You might want to check this claim. It appears you might have slipped up here. In A's frame the time between the light being sent out and hitting the mirror is not the same as the time between hitting the mirror and returning to A.
How do you figure? If in A's rest frame the mirror is at a distance D at the moment the light is reflected off it, then since the one-way speed is c in both directions and A remains at rest at a single location, the time to go from A to the the mirror must be D/c, and the time to go from the mirror back to A must also be D/c.
yuiop said:
If the "one way speed" of light is measured using the Einstein light signal clock synchronisation method then the one-way speed of light is a built in assumption of the method.
Well, in a universe with different laws of physics where light had a two-way speed of c in some aether frame but rulers and clocks moving relative to the aether frame were not subject to length contraction or time dilation, then Einstein's clock synchronization method would guarantee that all frames measured the one-way speed to be the same in all directions, but the actual value of the speed would be different in different frames. But yes, assuming a universe with Lorentz-symmetric laws, then using Einstein's method does make claims about the one-way speed true by definition. That's why I said in post #17 "with A1 and A2 at rest relative to one another and synchronized using the slow transport method (using the light signal definition of 'synchronization' would make the experiment pointless)".
yuiop said:
Having said all that, I would agree that the synchronisation of clocks using the slow clock transport method would in principle give us a sensible method of measuring the one-way speed of light to a reasonable degree of accuracy. There are of course complications on how we define "slow" as this requires us to measure the speed of the transported clock which requires us to have synchronised clocks in the first place to measure the velocity, but these problems should not be insurmountable.
Yes, for example we could just define "slow" by saying that the clock should be moved by giving it a constant proper acceleration for a brief amount of proper time on that clock, then let it coast inertially to its destination for the rest of its trip, and if we keep the proper acceleration constant (which could be measured by an accelerometer attached to the clock) while considering the limit as the proper time in which it experiences the proper acceleration goes to zero, this would give a non-simultaneity-dependent definition of "slow transport".
 
  • #26
ghwellsjr said:
In A's frame, SR defines the time intervals for both one-way light trips starting and stopping at A to be equal but the time intervals for both one-way light trips starting and stopping at B will be unequal.
OK, we agree which time intervals will be equal and which will be unequal in A's frame. And my other point is that it's a physical prediction of SR that using the slow transport method will approach perfect agreement with the standard synchronization method, so if we use the slow transport method to synchronize clocks which are at the location of the mirror when the light bounces off of it, then it becomes an actual physical prediction that the time intervals will be equal.
ghwellsjr said:
And, as a side note, as I have mentioned before, if A and B measure the round-trip speed of the light beam, they will both get the same answer, c.
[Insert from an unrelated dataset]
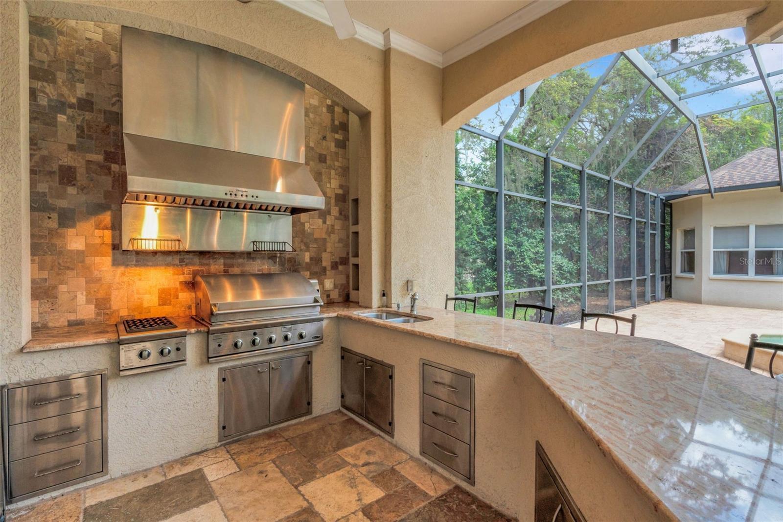 Florida resort style living at its best with top rated schools. Community amenities include two pickle ball courts, tennis courts, basketball courts, two baseball fields, playgrounds, a private clubhouse to host events, and over five miles of walking, hiking, and biking trails What's NEW: New AC 2026 & 2015, new water heater 2026, new Roof 2021, new pool filter 2025, new sprinkler system 2025, and all new stainless steel appliances installed 2025, new carpet and freshly painted interior. Have you ever wondered what it would be like to enjoy the entirety of your home? Waiting for you is a home tucked away in the Fishhawk Trails with a warm inviting Alligator (Ralph) on the marble stage entryway. A breathtaking view of the gorgeous pool and gazebo, and a playful backyard longing to be enjoyed. This gazebo is one a kind in all of Fishhawk with an outdoor professional grille, its own fridge, food warmers, granite countertops, an entertainment center, and a connected half bath to host any style of party. This Jack Bartlett built home has top notch craftsmanship throughout the home. Eye-popping crown molding catches your eye as you absorb it all in from the marble platform entryway. This home has marble flooring in all the common areas (a small patch of carpet in the main family room) and hard wood floors in all the bedrooms. The home is north facing, allowing for natural light to enter the home, while keeping the hot Florida sun out of your home. Plenty of large bay windows and a lavish open floor plan, with stunning views of the pool and outdoor living space. The kitchen features large granite countertops, abundant cabinetry, double built-in wall ovens, vented hood, glass cooktop, and a wine fridge. Although, you’ll probably do most of the cooking on the gazebo grill, unique to the Trails. Lush landscaping all around the home. Also, a fenced in area for our furry friends. Over ½ acre lot to maximize your indoor/outdoor lifestyle.

However, they cannot measure the the round trip speed of light using the mirror you propose, they have to each have their own additional mirror that is stationary with respect to themselves.
The motion of the mirror is irrelevant since the light only reflects off it instantaneously, there is no need for the mirror to be at rest in either A's frame or B's frame. And certainly the motion of the mirror in A's frame won't affect the timing in A's frame, if A sent out a wide beam of light and half of it reflected off a mirror at rest in A's frame while the other half reflected off a mirror moving at 0.99c in A's frame, but with both mirrors happening to be at the same location in spacetime at the moment the beam hit them, then both halves of the beam would return to A at the same moment. Do you disagree?
JesseM said:
The experiment couldn't really be done at present because of the problem of getting clocks to move at relativistic speeds, but I was just talking about what should be true according to the theory of SR. For a theoretical description of how such an experiment would work, since my claim involved one-way speeds you would actually need two pairs of clocks A1-A2 and B1-B2, with A1 and A2 at rest relative to one another and synchronized using the slow transport method (using the light signal definition of 'synchronization' would make the experiment pointless), and likewise for B1 and B2. Then you could arrange things so that A1 and B1 were at the same position when the light signal was sent out from that position, and A2 and B2 were at the same position as the mirror at the time the light bounced off the mirror. This would give each pair a local way to assign times to the events of the light departing, the light hitting the mirror, and the light returning to the clock it departed from. Hopefully you agree that SR would predict in this case that (time on A2 when light hits mirror) - (time on A1 when light departs) = (time on A1 when light returns) - (time on A2 when light hits mirror), and likewise that (time on B2 when light hits mirror) - (time on B1 when light departs) = (time on B1 when light returns) - (time on B2 when light hits mirror). Likewise, hopefully you agree that this is a nontrivial physical prediction, since alternatives to SR like an aether theory without all moving clocks being subject to time dilation, or a theory where the speed of a light beam depends on the speed of the emitter/reflector, would predict something different.
ghwellsjr said:
If you look on page 131 of the above linked book, you will read this quote from Einstein:

"That light requires the same time to traverse the path A->B as for the path B->A is in reality neither a supposition nor a hypothesis about the physical nature of light, but a stipulation which I can make of my own freewill in order to arrive at a definition of simultaneity." (Emphasis in original.)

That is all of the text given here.